12.Yet another contention that the delay in despatching F.I.R. cannot be accepted for the simple reason that, when the F.I.R. is perused, this Court finds that the case was registered at 16.30 hours and it reached P.W.22, the Judicial Magistrate, at 7.05 p.m. and within a short span of 2 hours and 45 minutes, the F.I.R. has reached the Judicial Magistrate and as such, this Court is unable to notice any delay. There is nothing to cast doubt on the initial put by P.W.22, the Judicial Magistrate, stating that it was received by him on 31.3.2002 at 7.05 p.m. Under such circumstances, that point also does not defend the case of the accused.

13.All the points narrated above are considered by this Court and this Court is of the opinion that the above stated contentions put forth by the learned counsel for the appellant do not carry any merit whatsoever. The further argument of the learned counsel that P.Ws.3 to 10 have turned hostile and P.Ws1 and 11 are only hear say witnesses and therefore, the prosecution has not proved the ill-treatment or cruellty for dowry harassment and if that evidence in this regard fails, the prosecution case in entirety must fail, though attracts the attention of this Court, does not stand the scrutiny of law. P.W.12, who is a villager and also an independent witness, also spoke about the dowry harassment. The fact of dowry harassment should have been mainly known to three persons-firstly, the accused, who could not speak because it is against him. Secondly, the deceased from whom it cannot be expected since she has died and thirdly, the parents of the deceased. According to P.W.1, there were occasions when the deceased was driven out from her marital home. He spoke about the demand of dowry by the accused to P.W.1. There were occasions in which P.W.1 pacified and advised his daughter, the deceased to live with her husband and that the demands would be met later. The dowry harassment was also spoken to by P.W.12 who is a villager and an independent witness. Hence, the contention put forth by the learned counsel for the appellant that there was no evidence to show that there was dowry harassment, has got to be rejected.
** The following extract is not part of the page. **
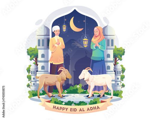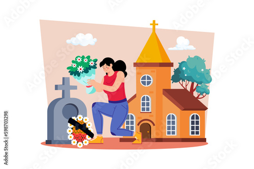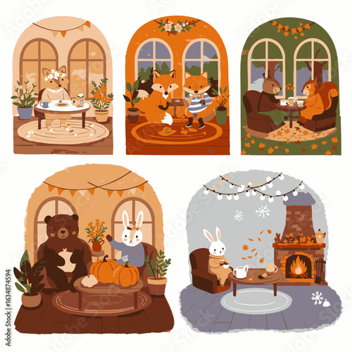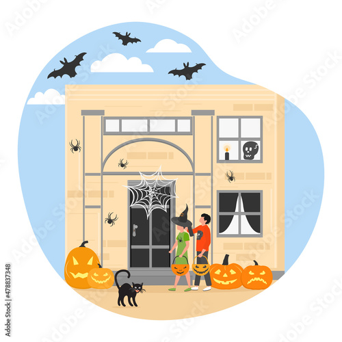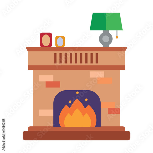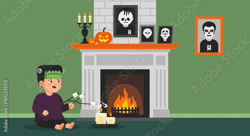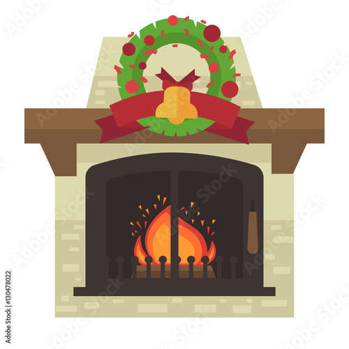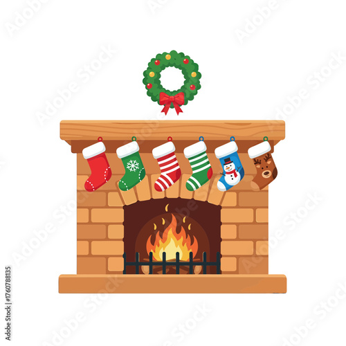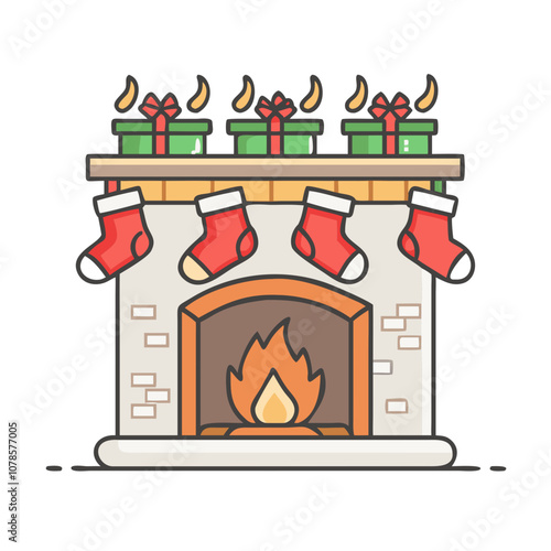 Счастливая девушка кладет подарочную коробку в рождественский носок, плоская векторная иллюстрация. Украшенный камин рождественским венком, носками, гирляндой и подарками. Подготовка к празднованию Рождества, Нового года и зимних праздников

14.Thus, all the contentions put forth by the learned counsel for the appellant do not merit acceptance and thus, the Trial Court has marshalled the evidence properly, considered the same, found the accused guilty as per the charges and sentenced him to undergo the punishment as stated supra.
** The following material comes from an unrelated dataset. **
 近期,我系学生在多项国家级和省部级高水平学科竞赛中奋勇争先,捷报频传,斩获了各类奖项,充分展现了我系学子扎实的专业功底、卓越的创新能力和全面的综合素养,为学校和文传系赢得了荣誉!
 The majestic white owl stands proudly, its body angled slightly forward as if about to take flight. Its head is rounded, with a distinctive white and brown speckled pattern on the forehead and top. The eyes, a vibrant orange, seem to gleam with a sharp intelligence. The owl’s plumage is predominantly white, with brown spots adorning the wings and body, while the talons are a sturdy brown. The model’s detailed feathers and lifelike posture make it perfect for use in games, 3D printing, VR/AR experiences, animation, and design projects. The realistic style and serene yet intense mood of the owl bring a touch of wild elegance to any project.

15.The judgment of the lower Court in convicting and sentencing the accused to life imprisonment under Section 302 IPC and three years rigorous imprisonment under Section 498-A IPC along with fine and default sentence, does not require any interference and the same is affirmed. Hence, the appeal must fail and fails. Accordingly, the criminal appeal is dismissed. To

1. The Additional District Judge-cum-Fast Track Court, Pudukkottai

2. The Principal Sessions Judge, Pudukkottai.

3. The Superintendent of Police,

Keeranur,

Udayalanpatti Police Station.

4. The Additional Public Prosecutor,

Madurai Bench of Madras High Court, Madurai.